A central part of Floyd’s personality is her love of people. She said her most positive experience at Valley High School has been hanging out with friends. She plans to apply her love of people to her future career.

Floyd said she’s dual-enrolled at Southern Union State Community College. After she graduates from high school, she plans to get an associate’s degree, probably in general studies, from Southern Union before transferring somewhere else to get a political science degree. Floyd wants to eventually transfer into law school.

“I love people, and I love helping people,” she said. “And since I want to be a lawyer, I feel like political science is a great door opener for law school. And once I get into law school and become a lawyer, I may either start my own law firm or go into government.”

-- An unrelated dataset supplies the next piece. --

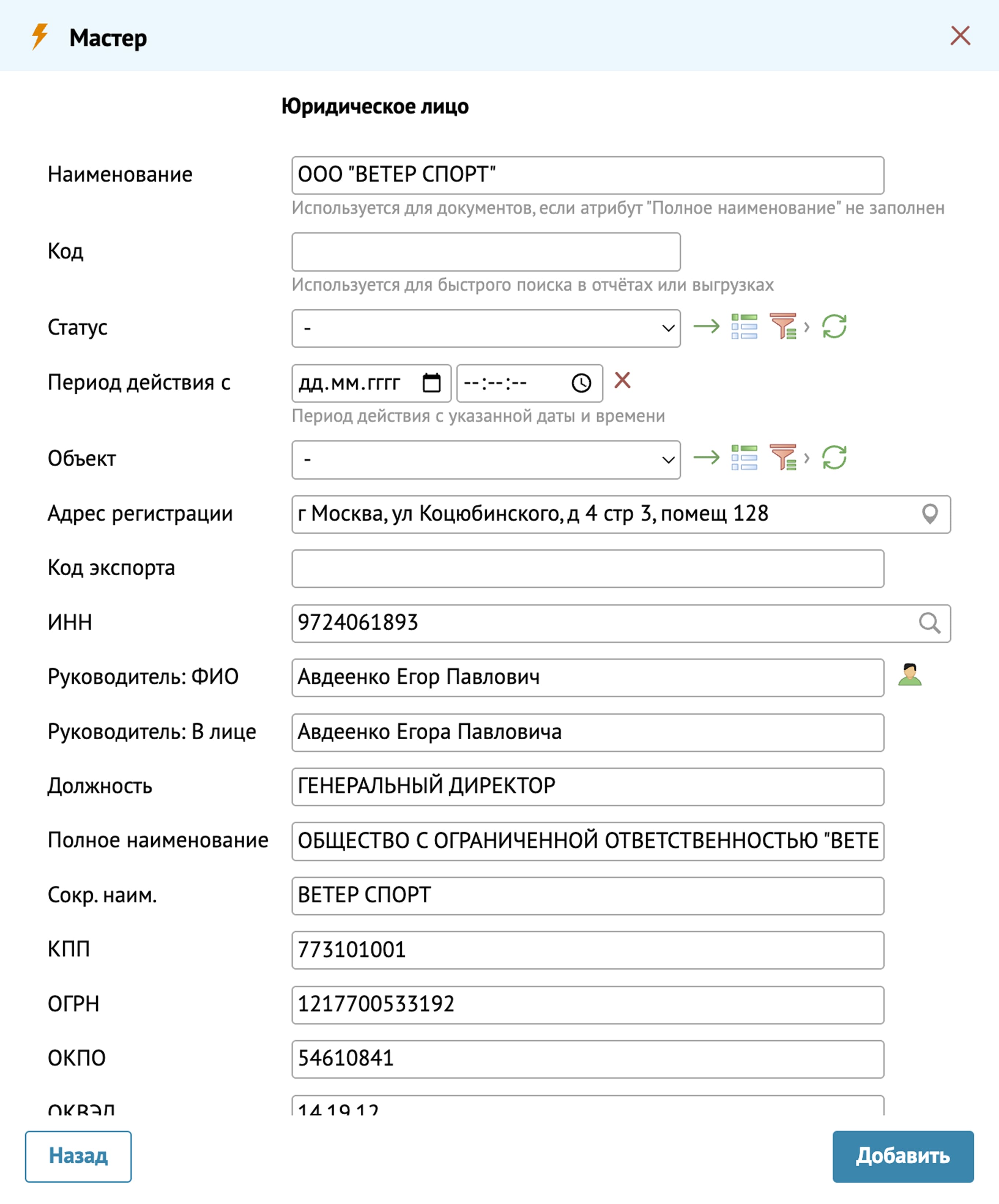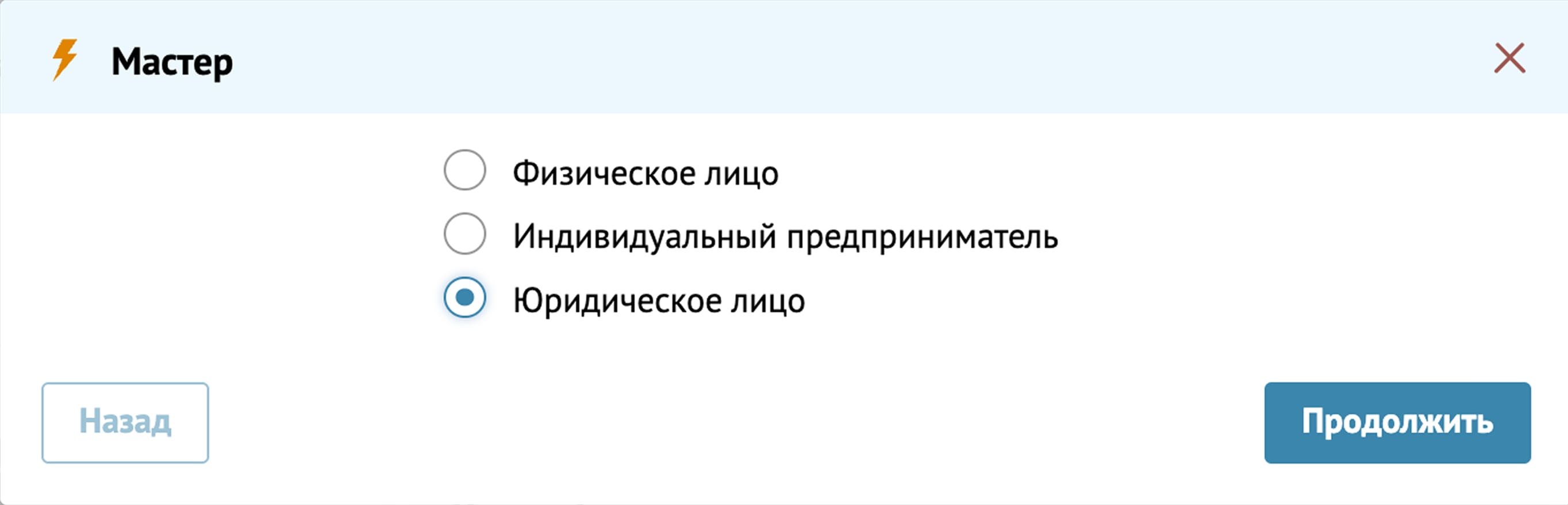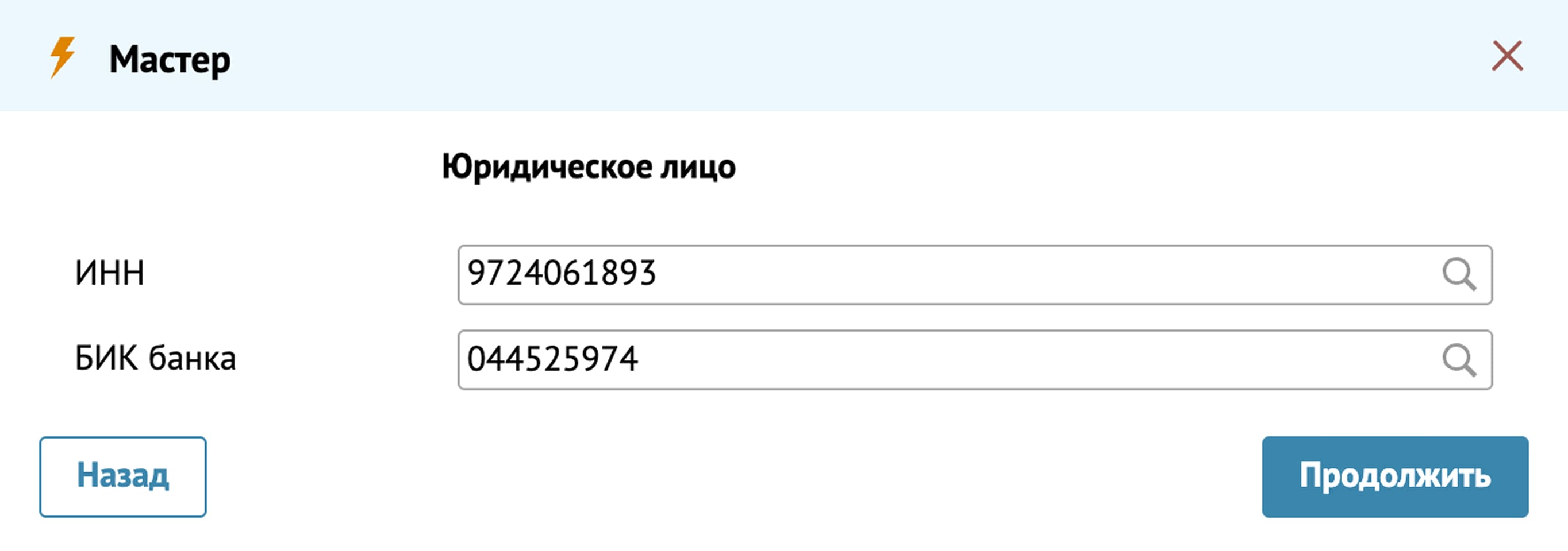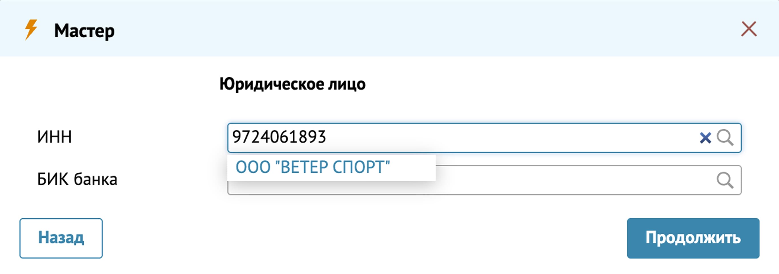 В окне Мастер сначала выбирается Тип клиента, например, юр. лицо. После этого нужно ввести ИНН: если подключен аккаунт Dadata.ru, система автоматически предложит название компании в выпадающем списке. Аналогично при вводе БИК сразу отобразится название банка. Остальные данные также подгружаются из Dadata.ru. При необходимости данные можно отредактировать.

Floyd considers her greatest achievement at Valley High School to be the fact that she’s been the club leader for multiple organizations. She’s been the president of Key Club, the president of Mu Alpha Theta, the president of the National Honor Society and the vice president of Beta Club. Floyd said she was also in the Scholars’ Bowl, marching band, concert band, yearbook team and was a Junior Ambassador for the Greater Valley Area Chamber of Commerce.

An obstacle Floyd has encountered at Valley High School is time management.

“Since I do dual enrollment and I’m a Valley High School student, I find it hard to balance all the clubs I partake in with college classes and a normal seven-period schedule,” she said.

Floyd would tell new students coming to Valley High School that making good connections with people and starting off with good grades are the best ways to remain successful throughout all four years of high school. As for what she’d tell current students, she said it’s important to have fun and live life a little.

“School is not always just work, work, work,” she said.

Floyd is particularly fond of band director Kitty Deloach and assistant band director Mark Meadows, who she says have both shaped her into the person she is today.

If Floyd could change one thing about the world, she would have people be more open-minded.

Floyd said she was born and raised in Valley.